Hablemos de desconectar. Precisamente en uno de los años en los que la distancia social ha estado más conectada que nunca. Qué gran contradicción. Quizás por eso hemos aprendido a vivir de otra forma: más despacio, más intensamente. Desconectar en el año de las conexiones virtuales. Quién lo diría.
Suena un pitido en tu teléfono. Una llamada del mundo real. Los sonidos se entremezclan en tu cabeza y dan paso a un eco sensorial que se repite en tu subconsciente. Un mundo saturado de emociones a correprisa donde el más raudo es el ganador.
Abro el móvil, aunque este parece querer explotar. En mi buzón de voz, diversas llamadas perdidas de personas que alguna vez me quisieron decir algo. Vigilo mi bandeja de entrada de correo con miedo a encontrar desorden. Parece que los números acumulados no hacen más que crecer a la espera de que alguien les haga caso.
De fondo se escuchan gritos sobrevenidos. Personas que discuten en la calle sin saber muy bien por qué. Coches acelerados que pitan a la vida para querer llegar antes ningún sitio. Miro por la ventana y 500 personas parecen querer hacerse paso entre la multitud sin mirar muy bien por dónde van.
Después de abrir tu bandeja de entrada, tu móvil, tu ventana y tu escaparate virtual a la sociedad, decides abrir la puerta que hay en ti. Sabes que dentro habitan sensaciones antípodas que necesitan de historias paralelas para poder sobrevivir. El mundo digital de los vivos está demasiado saturado, encendido. Este se alimenta de excesos: retratos de posturas excesivas, sonrisas forzadas, comentarios de más, ansias del todo, productos sobrevalorados, emociones falsas, amistades sobreactuadas, palabras insulsas, intentos disimulados por destacar, alegrías teñidas de envidias, expresiones sobrevenidas, silencios a gritos, estallidos explosivos, deseos de más. Un continuo ruido atropellado de voces que entorpece la comunicación fluida entre las partes.
Sientes como tu cabeza alberga un remolino de reacciones que te impiden despejar tu mente y centrarte en lo que quieres.
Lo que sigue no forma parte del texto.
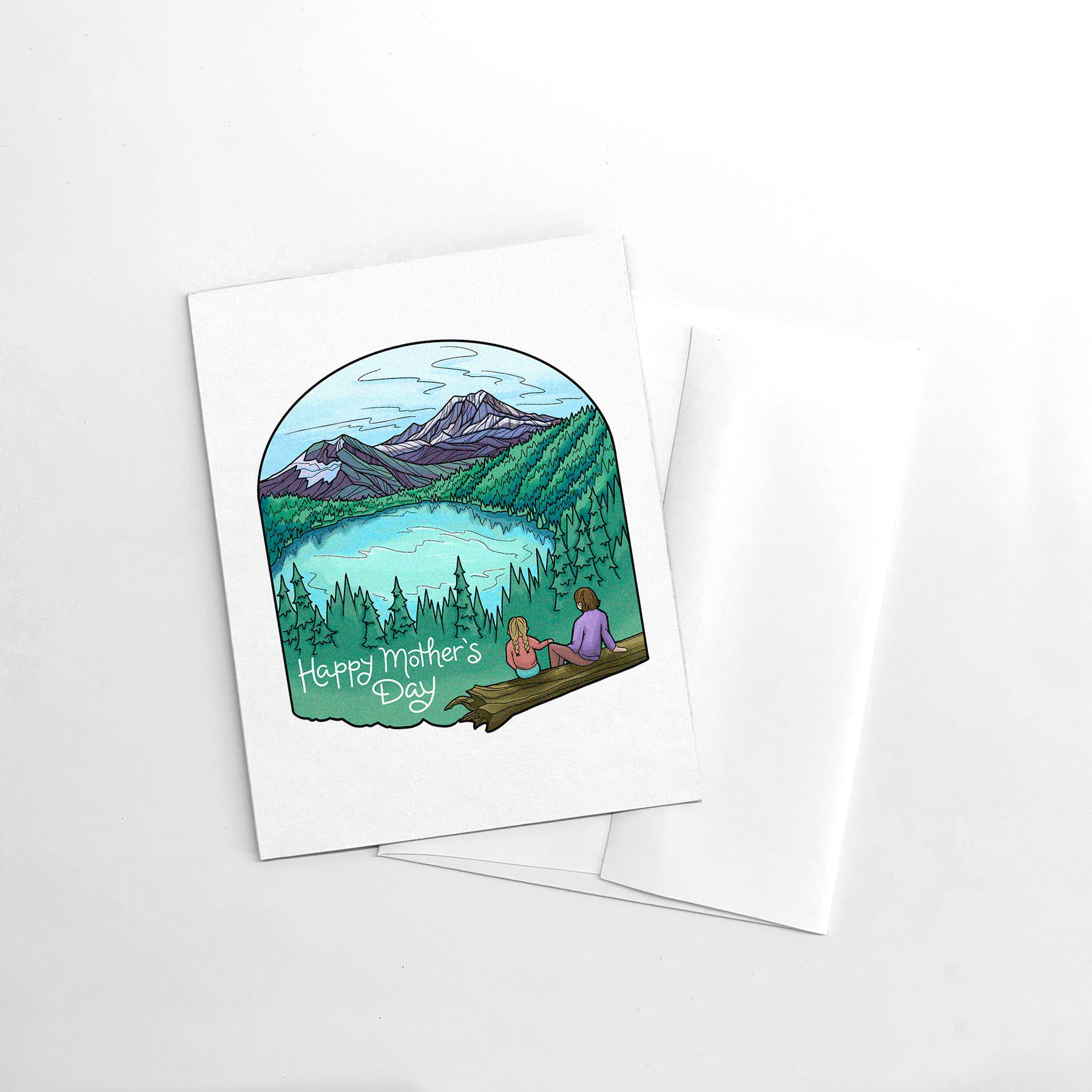 Celebrate your mom with this card of two gals viewing an alpine lake and a beautiful mountain vista.

Esa infoxicación parece querer obligarte a permanecer en ese mundo sin frenesí, pero por algún motivo tu subconsciente está desesperado por aferrarse a lo mundano. Mi cerebro dice basta, así que me anticipo a este peligro sideral y cojo un libro y empiezo a bucear en él. Mi mente llama a otros mundos que nada tienen que ver con la realidad. Conectar a la desconexión, lo llamo. A este amigo de aventuras lo acompaño con una taza de café con un ligero sabor amargo. Dicen que el café le da ese toque pictórico a la película.
Empiezo a pasar las páginas; parecen querer invitarme a más, así que me cuelo en su pequeña morada y me quedo a dormir un rato en ellas. El mundo exterior no me interesa y aquí encuentro la paz que tanto andaba buscando.
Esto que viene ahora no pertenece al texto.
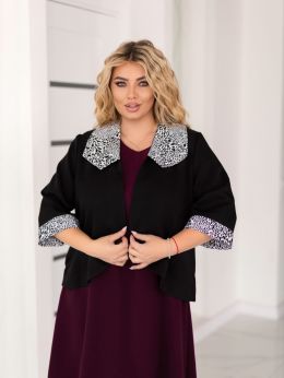 Піджак прикрашений з гарним принтованим коміром та манжетом. по рукаві . В ньому можно піти на вечірку,

De repente veo como una imagen de una conocida revista de viajes me absorbe sobremanera. Admiro sus colores, sus elementos, sus gestos posados. Estoy segura de que intenta decirme algo. O quizás es que el fotógrafo que sostenía por detrás su paisaje le contó cómo atraparme y le enseñó cómo pasar del lenguaje pictórico al lenguaje emocional.
Espera, despierto de mi ensimismamiento. Acaba de de pasar un pájaro por encima de mi cabeza. Parecía querer ir directo/rumbo a algún lugar. Parecía ser ajeno de todas estas cavilaciones. Como si todo esto en su mundo no pasara. Me quedo observándolo a medio camino entre el suyo y el mío. Qué bonito verlo pasar.
De fondo, la melodía de una eterna llamada seguía sonando. Parece que nadie la ha escuchado.
Volar en diferentes realidades.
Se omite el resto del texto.